You could send the bof_buffer though bytestring_to_hexstr. That shows the individual hex bytes, though it’s not easier to read :slight_smile:

zeek -e 'print bytestring_to_hexstr("\xa1/\xffC\xd9\xefvL\x9e\xe2\x10\xeaW\"v_\xcd6q")'
a12fff43d9ef764c9ee210ea5722765fcd3671

Does that answer your question?

Edit, separately, if you print the signature bytes, it should look familiar, too:

$ zeek -e 'print "xa1\x2f\xff\x43\xd9\xef\x76\x4c\x9e\xe2\x10\xea\x57\x22\x76\x5f"'
xa1/\xffC\xd9\xefvL\x9e\xe2\x10\xeaW"v_

That does explain some things, I wasn’t sure exactly what I was looking at when I printed the bof_buffer. Does Zeek perform its signature detection on the bytestring and not the hexstring?

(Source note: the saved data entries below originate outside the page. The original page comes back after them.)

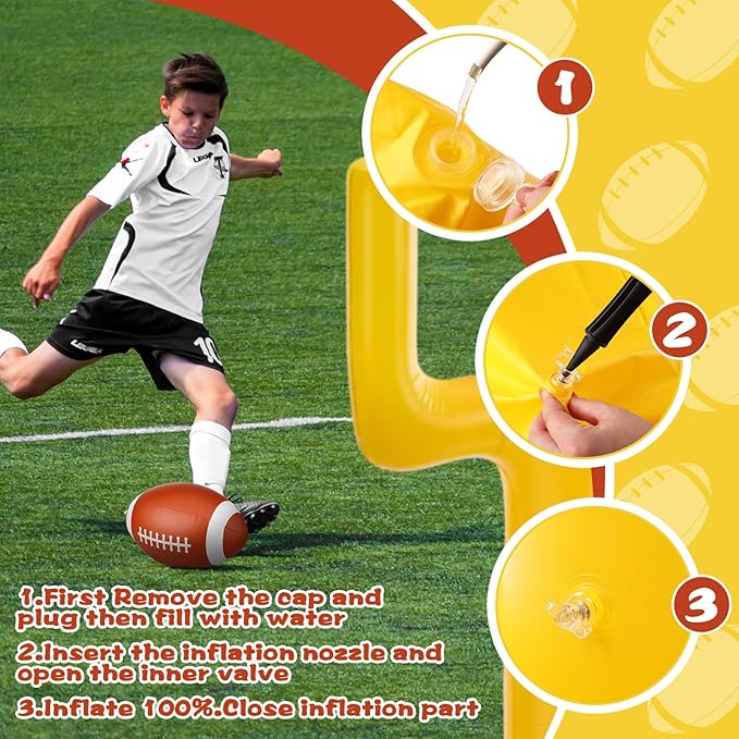 - How to Use: first, remove the lid of the inflatable football goal posts and then fill them with water; Second, insert the inflation nozzle and open the inner value; Third, inflate 100%, finally, close inflation part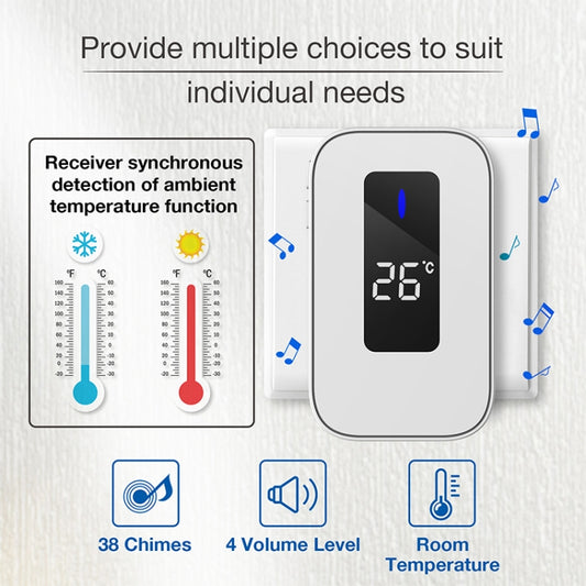 C303B One to One Home Wireless Doorbell Temperature Digital Display Remote Control Elderly Pager, EU Plug(White)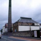 StiringからFalkirkへはバスで30分程。そろそろ到着かなと思ったとき、高い煙突と蒸留所らしき建物が見えてきた。でも何か様子がおかしい。バスを降りて戻ってみると取り壊し工事の真っ最中だった。よく写真で見た道路脇のウァームタブは取り外され、スティルからのパイプが残っているのみ。

If I use this signature, Zeek does not mime-type the file

signature ms-onenote-3 {
        file-mime "application/x-ms-onenote", 100
        file-magic /xa1\x2f\xff\x43\xd9\xef\x76\x4c/
}

However if I do this, regex using escaped ASCII, it mime-types the file correctly

signature ms-onenote-3 {
	file-mime "application/x-ms-onenote", 100
	file-magic /\xa1\/\xffC\xd9\xefvL/
}

Nevermind, I see my mistake, I forgot to include the leading \ in the hexstring. This all makes sense now. Thanks for your help!

If these ms-onenote signatures work well for you, you may consider creating a zkg package so others can re-use them :slight_smile:

I never expected to see a .one file traverse the network when I had a request from my org to file type, then of course I missed this one due to my bug. From my understanding, you’d only see a .one file if someone exports their onenote notebook into an offline file, then uploads it across a network connection. Normal onenote files are simply XML files (I think, I could be very wrong). Once I get a full understanding of it I’ll see if I can make a zkg package.